I want to create a Difficulty list (a priori rather than after testing students) of words.
My theory is the Difficulty of English words can approximately be predicted according to3 criteria:
1) Frequency
2) Structure of Word - the easiest to learn being a simple compound like teacup and the hardest a Root like 'weird'
3) Etymological origin in descending order of difficulty: english, foreign, Greek, Latin , French (thisis for French students)
A friend devised a rough formula in xl (in column Difficulty Ratio of attached xl file) based on notion Frequency is primary parameter and is multiplied by a coefficient: Word Structure x Origin/30x5 . But he suggests there is a problem in gap between easy end and hard end not being pronounced as the coefficient is linear. Perhaps a logarithm or square root like eg log word struc+ log origin/log30 + log5
Also influence of origins might prove to be more important than Word structure and may need to be multiplied.

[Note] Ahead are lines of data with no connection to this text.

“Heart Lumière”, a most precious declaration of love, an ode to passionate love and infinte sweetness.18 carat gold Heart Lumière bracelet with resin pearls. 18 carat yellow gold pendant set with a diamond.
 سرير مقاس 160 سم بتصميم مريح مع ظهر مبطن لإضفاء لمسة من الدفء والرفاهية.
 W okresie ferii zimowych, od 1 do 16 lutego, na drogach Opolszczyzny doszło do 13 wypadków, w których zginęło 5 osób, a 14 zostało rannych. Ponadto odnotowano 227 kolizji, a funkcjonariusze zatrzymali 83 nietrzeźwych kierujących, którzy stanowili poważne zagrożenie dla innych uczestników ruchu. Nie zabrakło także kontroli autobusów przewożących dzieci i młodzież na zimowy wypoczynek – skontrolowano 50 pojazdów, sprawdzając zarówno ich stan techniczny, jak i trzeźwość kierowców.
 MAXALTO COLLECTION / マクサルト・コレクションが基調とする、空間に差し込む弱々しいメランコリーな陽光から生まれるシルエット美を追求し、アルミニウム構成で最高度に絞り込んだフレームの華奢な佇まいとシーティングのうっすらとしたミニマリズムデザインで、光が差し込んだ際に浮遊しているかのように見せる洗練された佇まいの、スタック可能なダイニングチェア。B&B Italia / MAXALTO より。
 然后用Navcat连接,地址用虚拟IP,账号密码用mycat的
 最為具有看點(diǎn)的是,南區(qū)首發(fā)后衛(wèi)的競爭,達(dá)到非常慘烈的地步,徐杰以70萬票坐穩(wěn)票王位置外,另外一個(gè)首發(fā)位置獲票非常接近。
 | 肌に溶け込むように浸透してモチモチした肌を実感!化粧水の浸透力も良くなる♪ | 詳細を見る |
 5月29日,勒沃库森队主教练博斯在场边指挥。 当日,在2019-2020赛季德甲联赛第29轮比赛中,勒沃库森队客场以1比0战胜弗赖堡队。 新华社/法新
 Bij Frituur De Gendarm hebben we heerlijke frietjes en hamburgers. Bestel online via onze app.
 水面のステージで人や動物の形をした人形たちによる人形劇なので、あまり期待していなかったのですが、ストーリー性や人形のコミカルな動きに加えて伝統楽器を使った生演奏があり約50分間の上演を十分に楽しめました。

I have attached a very reduced DB in number of items including the 3 parameters
The Difficulty Score should be on a scale 1-100 from least to most difficult. and spaced roughly evenly over the complete db of 50k words
## Deliverables
1) Complete and fully-functional working program(s) in executable form as well as complete source code of all work done.
2) Deliverables must be in ready-to-run condition, as follows (depending on the nature of the deliverables):
a) For web sites or other server-side deliverables intended to only ever exist in one place in the Buyer's environment--Deliverables must be installed by the Seller in ready-to-run condition in the Buyer's environment.
b) For all others including desktop software or software the buyer intends to distribute: A software installation package that will install the software in ready-to-run condition on the platform(s) specified in this bid request.
3) All deliverables will be considered "work made for hire" under U.S. Copyright law. Buyer will receive exclusive and complete copyrights to all work purchased. (No GPL, GNU, 3rd party components, etc. unless all copyright ramifications are explained AND AGREED TO by the buyer on the site per the coder's Seller Legal Agreement).
## Platform
xp